*Activity*. Leaving out every picture, retype the lines below from the top through the one that contains "Decimal 77153431 Color".

(Provided information)

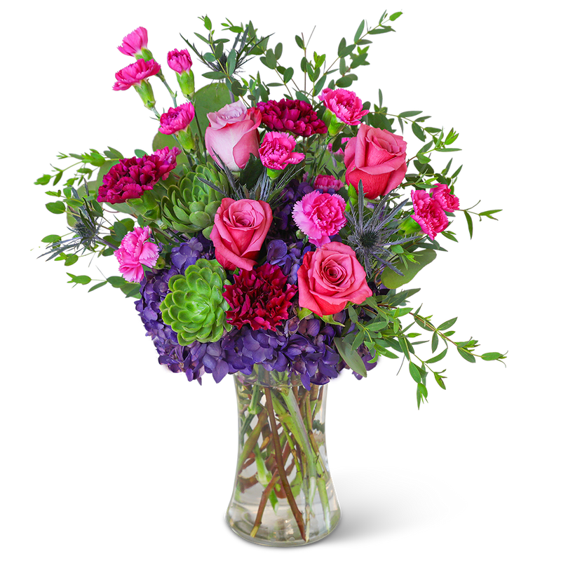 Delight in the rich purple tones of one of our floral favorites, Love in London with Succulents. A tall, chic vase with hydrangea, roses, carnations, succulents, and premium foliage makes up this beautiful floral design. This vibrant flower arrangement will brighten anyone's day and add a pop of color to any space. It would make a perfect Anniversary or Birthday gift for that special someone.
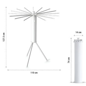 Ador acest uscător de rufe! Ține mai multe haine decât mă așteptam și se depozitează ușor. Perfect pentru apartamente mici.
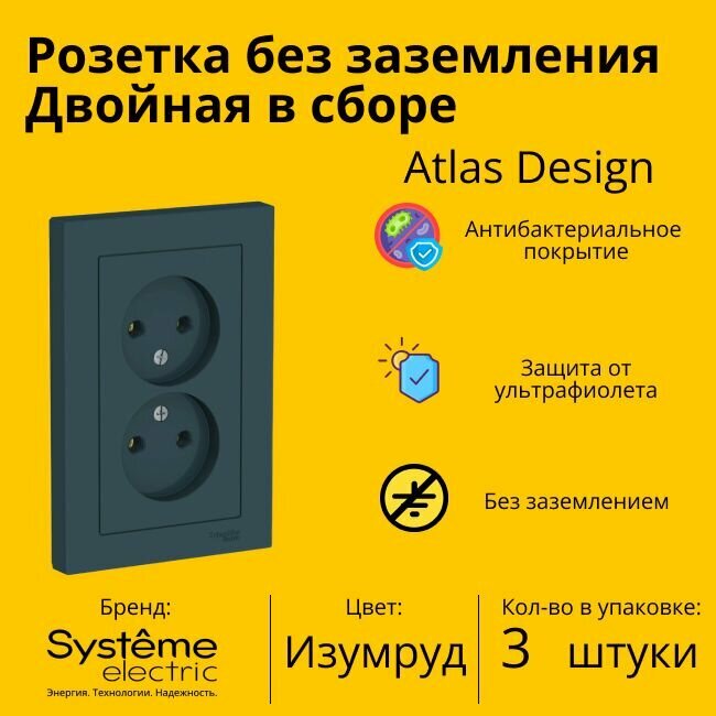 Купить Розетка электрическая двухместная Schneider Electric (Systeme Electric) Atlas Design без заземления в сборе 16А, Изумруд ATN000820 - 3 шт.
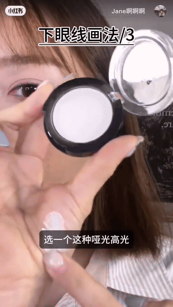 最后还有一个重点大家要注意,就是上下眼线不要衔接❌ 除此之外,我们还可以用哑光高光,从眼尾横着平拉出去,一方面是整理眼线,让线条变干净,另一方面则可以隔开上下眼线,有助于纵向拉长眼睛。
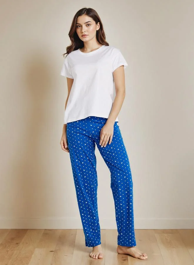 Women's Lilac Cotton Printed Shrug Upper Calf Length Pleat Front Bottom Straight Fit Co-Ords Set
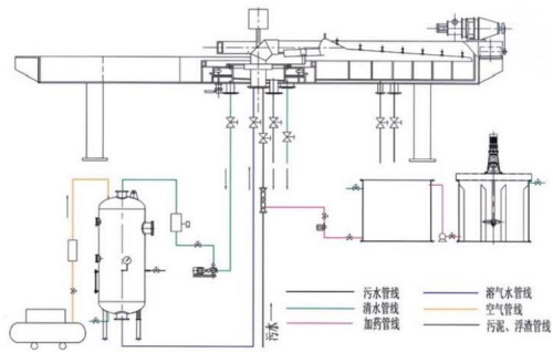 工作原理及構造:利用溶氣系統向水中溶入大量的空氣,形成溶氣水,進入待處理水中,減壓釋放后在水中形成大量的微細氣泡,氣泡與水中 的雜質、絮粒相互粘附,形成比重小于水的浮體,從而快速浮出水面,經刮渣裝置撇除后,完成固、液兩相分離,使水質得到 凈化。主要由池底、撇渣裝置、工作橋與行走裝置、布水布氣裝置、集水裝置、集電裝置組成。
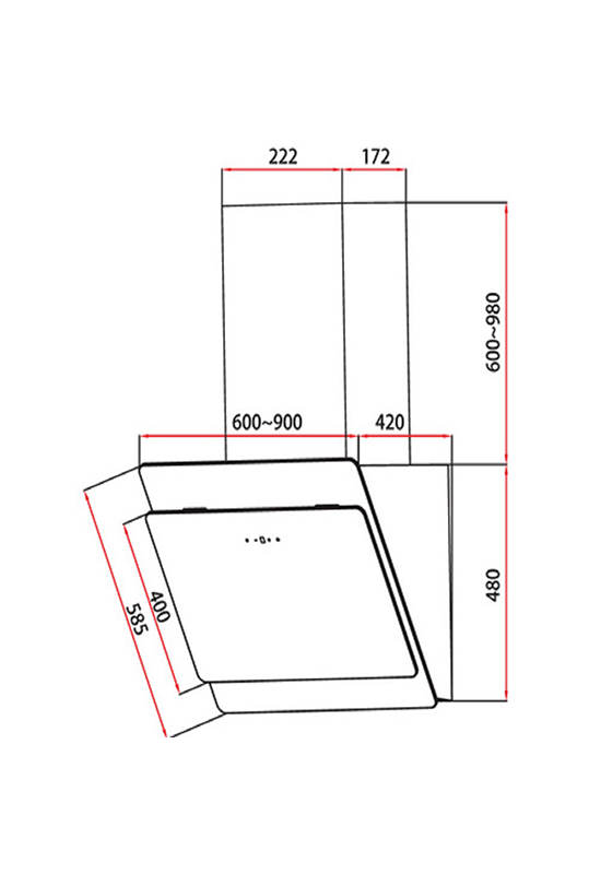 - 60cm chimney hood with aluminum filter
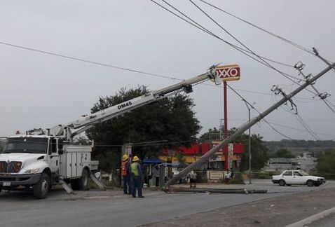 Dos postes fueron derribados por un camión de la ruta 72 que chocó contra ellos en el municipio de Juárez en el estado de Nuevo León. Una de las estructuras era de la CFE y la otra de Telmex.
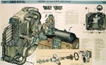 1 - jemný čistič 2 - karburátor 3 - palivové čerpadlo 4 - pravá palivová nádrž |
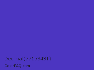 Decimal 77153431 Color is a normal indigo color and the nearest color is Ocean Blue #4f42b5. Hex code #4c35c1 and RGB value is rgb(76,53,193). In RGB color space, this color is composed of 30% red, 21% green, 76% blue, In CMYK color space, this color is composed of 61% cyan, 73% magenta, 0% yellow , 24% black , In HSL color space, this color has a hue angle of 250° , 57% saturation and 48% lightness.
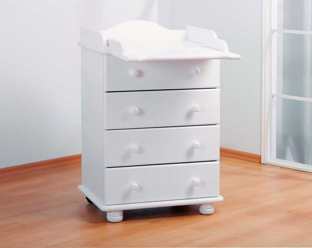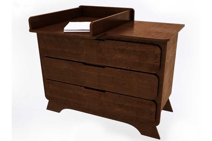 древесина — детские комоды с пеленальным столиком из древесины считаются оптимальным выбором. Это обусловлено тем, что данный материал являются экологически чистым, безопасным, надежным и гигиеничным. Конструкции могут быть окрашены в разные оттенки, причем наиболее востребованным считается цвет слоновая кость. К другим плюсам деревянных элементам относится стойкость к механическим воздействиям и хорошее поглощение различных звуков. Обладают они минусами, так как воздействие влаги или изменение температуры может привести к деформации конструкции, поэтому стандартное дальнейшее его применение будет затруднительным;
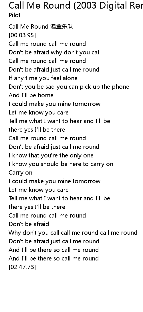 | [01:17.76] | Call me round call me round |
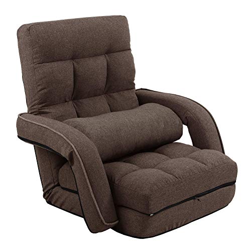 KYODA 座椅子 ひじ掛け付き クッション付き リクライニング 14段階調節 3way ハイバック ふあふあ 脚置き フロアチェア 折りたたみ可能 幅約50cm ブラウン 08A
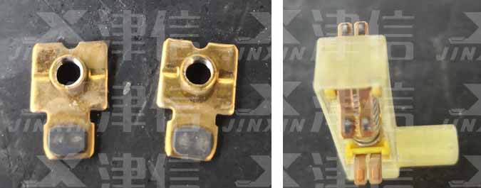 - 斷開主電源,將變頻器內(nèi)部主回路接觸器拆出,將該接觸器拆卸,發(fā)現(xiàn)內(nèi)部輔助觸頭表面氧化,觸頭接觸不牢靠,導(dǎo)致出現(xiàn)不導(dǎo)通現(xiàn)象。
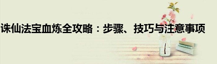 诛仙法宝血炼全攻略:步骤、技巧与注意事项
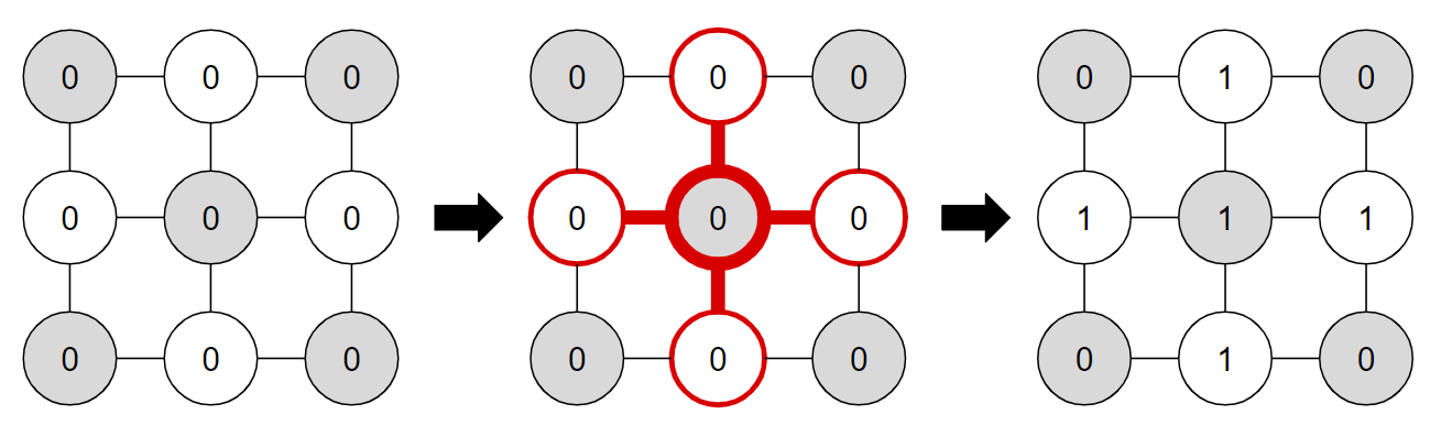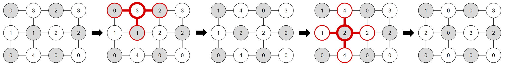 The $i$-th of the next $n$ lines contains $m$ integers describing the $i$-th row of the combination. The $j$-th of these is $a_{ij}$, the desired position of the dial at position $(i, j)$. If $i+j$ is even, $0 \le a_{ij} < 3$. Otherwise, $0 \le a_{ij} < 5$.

(End Provided information)

*Result of this exercise*.
 Delight in the rich purple tones of one of our floral favorites, Love in London with Succulents. A tall, chic vase with hydrangea, roses, carnations, succulents, and premium foliage makes up this beautiful floral design. This vibrant flower arrangement will brighten anyone's day and add a pop of color to any space. It would make a perfect Anniversary or Birthday gift for that special someone.
 Ador acest uscător de rufe! Ține mai multe haine decât mă așteptam și se depozitează ușor. Perfect pentru apartamente mici.
 Купить Розетка электрическая двухместная Schneider Electric (Systeme Electric) Atlas Design без заземления в сборе 16А, Изумруд ATN000820 - 3 шт.
 最后还有一个重点大家要注意,就是上下眼线不要衔接❌ 除此之外,我们还可以用哑光高光,从眼尾横着平拉出去,一方面是整理眼线,让线条变干净,另一方面则可以隔开上下眼线,有助于纵向拉长眼睛。
 Women's Lilac Cotton Printed Shrug Upper Calf Length Pleat Front Bottom Straight Fit Co-Ords Set
 工作原理及構造:利用溶氣系統向水中溶入大量的空氣,形成溶氣水,進入待處理水中,減壓釋放后在水中形成大量的微細氣泡,氣泡與水中 的雜質、絮粒相互粘附,形成比重小于水的浮體,從而快速浮出水面,經刮渣裝置撇除后,完成固、液兩相分離,使水質得到 凈化。主要由池底、撇渣裝置、工作橋與行走裝置、布水布氣裝置、集水裝置、集電裝置組成。
 - 60cm chimney hood with aluminum filter
 Dos postes fueron derribados por un camión de la ruta 72 que chocó contra ellos en el municipio de Juárez en el estado de Nuevo León. Una de las estructuras era de la CFE y la otra de Telmex.
 1 - jemný čistič 2 - karburátor 3 - palivové čerpadlo 4 - pravá palivová nádrž |
 Decimal 77153431 Color is a normal indigo color and the nearest color is Ocean Blue #4f42b5. Hex code #4c35c1 and RGB value is rgb(76,53,193). In RGB color space, this color is composed of 30% red, 21% green, 76% blue, In CMYK color space, this color is composed of 61% cyan, 73% magenta, 0% yellow , 24% black , In HSL color space, this color has a hue angle of 250° , 57% saturation and 48% lightness.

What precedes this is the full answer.